Conditions… Cela pourrait être le filigrane qui court en transparence le long de l’exposition que le Centre International d’Art et du Paysage (CIAP) de l’île Vassivière consacre à Ian Kiaer…
Et réciproquement d’ailleurs puisque, pour lui donner naissance, l’artiste s’est immergé totalement dans l’architecture du Centre, dans son histoire et dans la pensée-même de son concepteur Aldo Rossi.
Jonathan Dronsfield le note dans le texte qui accompagne le catalogue de l’exposition, pour l’un comme pour l’autre «l’architecture incarne une possibilité de penser (…) Ce n’est pas la représentation d’une forme de pensée mais quelque chose qui rend les formes de la pensée possible…»
Et c’est en ce sens que l’art et l’architecture agissent de manière similaire sur l’être humain, en créant les conditions dans lesquelles se vivent ou se pensent les formes du réel… Idéalité donc, de corps et de langages, intégrés eux-mêmes à l’oeuvre, et totalement libres devant ou plutôt à l’intérieur de la saisie proposée. Idéalité forcément contradictoire, parce que si Ian Kiaer travaille l’influence de l’architecture… Il la subvertit également en l’interrogeant sur la possibilité que la condition se fasse conditionnement.
Chaque installation incorpore le corps même du visiteur aux structures proposées, en attirant son regard, elle crée la possible saisie d’une rencontre avec l’oeuvre, la possibilité de créer ce moment unique… Sur le fil toujours, puisque, ne pouvant tracer qu’en chacun de nous son chemin singulier, aucune rencontre ne peut être conditionnée.C’est la première exposition personnelle de Ian Kiaer en France mais ici peu importe le pays… Son travail voyagera et continuera de voyager, ces oeuvres c’est dans ce lieu; pour lesquelles elles ont été conçues, qu’il faut les voir. Leur découverte commence d’ailleurs bien avant l’arrivée au Centre lui-même, sur cette route de nulle part, à nulle autre pareille.
L’artiste a voulu clore les portes de la première salle d’exposition… Le passage est déjà une condition, ouvrir la porte c’est laisser-là ce que l’on vient de quitter, la souple intrications de la forêt, le ciel, le lac, une réflexion toujours interrompue ou quelques notes de musique. Ce qui frappe immédiatement c’est l’espace et le silence, un choix d’objets hétéroclites semble-t-il… Mais qui révèle pourtant, à l’attention du regard, toute leur fragilité, toute la subtilité de ces arrangements méticuleux, de tâches, de cassures, de bris de néons… De couleurs aussi.
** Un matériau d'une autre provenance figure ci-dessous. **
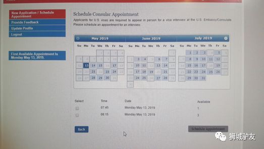 确认提交以上资料全部输入,确认正确无误,提交申请,之后就是付款,建议工作日,工作时间申请,这样过账比较快。面签日期与时间顺利过账之后就可以预约面试日期和时间了,建议周末不要去预约。工作日每天中午就会放出最近的可选择日期和时间,我是星期一中午预约到星期二早上的面试时间。

Le système des oeuvres joue avec la fonction prédéfinie de chaque espace… L’utopie toujours incréée s’écaille à l’impureté du réel. Dans le phare, un écran projette les mouvements, captés par une caméra de surveillance d’une petite maquette flottant sur le lac… C’est la maison sphérique des gardes agricoles de Mauperthuis, un projet de l’architecte Claude Nicolas Ledoux, qui prend vie, au coeur d’un mouvement teinté d’expressionnisme… Semblable peut-être à la réalisation glaciale de ces utopies ou de ces uchronies meurtrières qui, en prétendant créer sans condition, créer de l’idée pure donc créer de rien, n’ont pu que chercher à annihiler toute possibilité de création véritable.
Pour autant, et même au coeur du conditionnement le plus intime, la fragilité sensible de ces oeuvres ouvre les conditions de son dépassement possible… En rendant à chaque regard, dans ce qui le contraint, la possibilité de se créer.
Olivier Revault d’Allonnes l’écrivait en 1972 : « N’oublions jamais que c’est dans l’exacte mesure où cette société-ci ne peut s’empêcher de contraindre qu’elle débouche par ses processus internes sur une autre société que nous ne pouvons nous empêcher de créer. » C’est à cette possibilité-là que ces oeuvres et ce lieu, que ces oeuvres dans ce lieu, nous invitent peut-être….
Bertrand Catus
Ian Kiaer, exposition personnelle au CIAP de Vassivière jusqu’au 23 juin
Bertrand Catus est journaliste, il vit et travaille à Limoges pour le quotidien L’Echo. Passionné d’écriture, de poésie et de cultures alternatives, engagé dans les luttes sociales et politiques, sa reflexion menée sous la forme d’un dialogue avec Joanne Théate, enseignante et animatrice des discussions philosophiques au Centre International d’Art et du Paysage de Vassivière, aborde la question de l’art contemporain en croisant les approches venues des sciences humaines, de la psychanalyse et de la philosophie.